The mashgiach responded with a statement similar to Rav Dessler. Basically, he said that on a public level, the bar has to be set very high so that the future gedolim don't underacheive. If they hear that college is okay, they might want to go there rather than learn their whole lives. So because the goal of a yeshiva is to produce gedolim, on a public level the bar has to be set so high that they'll be inspired to learn for life.

But the problem with that is, the mediocre guys listening to the shmuz don't know this! So they'll hear about how they have to learn all day, will try it, get burnt out, and lose interest. Or, like me, they'll have a guilty conscience for life: why are you not in yeshiva? And of course, you have many people who will simply go off the derech. To me, it also seems like there's a strong element of sheker involved here (if not everyone is supposed to learn super-intensely, why are you saying just that), which is very troubling.

And as R' Harry said, if we're not producing any gedolim this way, then maybe it's time to change the system.

Wednesday, May 24, 2006

On Thinking and Not Thinking

One thing that's bothered me for years is how differently some yeshiva guys approach gemara and hashkafa.

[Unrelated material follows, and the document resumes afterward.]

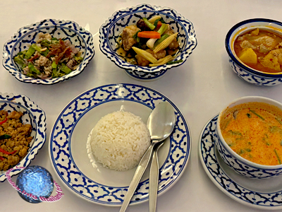 Though inspired by Chinese blue-and-white porcelain, Thai laai kraam tableware has become an established decorative style in its own right within Thai ceramic traditions and is widely used in the better Thai restaurants.
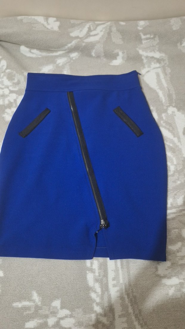 Koyu mavi renkte, önden çapraz fermuarlı ve iki fermuarlı cepli, yumuşak ve sıcak kumaştan yapılmış dar kesim mini etek. Sokak stili için uygun. JUMENT MARKASİ 55 kiloya kadar uyar

If a yeshiva guy stumbles upon a gemara that they don't understand, they'll spend many hours trying to understand it. Some people I know would get visibly frustrated if they couldn't get pshat. The attitude of "it's okay, I have emunah that this is right" is ultimately behind all the frustration. But that attitude isn't so strong to the point where people won't try to understand the gemara because of their emunas chachamim.

When it comes to hashkafos, though, a lot of guys just sip the kool-aid. I don't think they think objectively about hashkafos.

Why is that? I think it comes from how each issue is presented. Gemara is learned in a "fair and balanced" manner. There's no agenda in trying to understand a gemara one way as opposed to another. So most yeshiva guys look at a gemara with a clean slate.

But when I would attend vaadim about hashkafa, there was clearly an agenda there. You knew what the mashgiach was going to say. Sometimes he would discuss the other side, but usually it didn't get much treatment.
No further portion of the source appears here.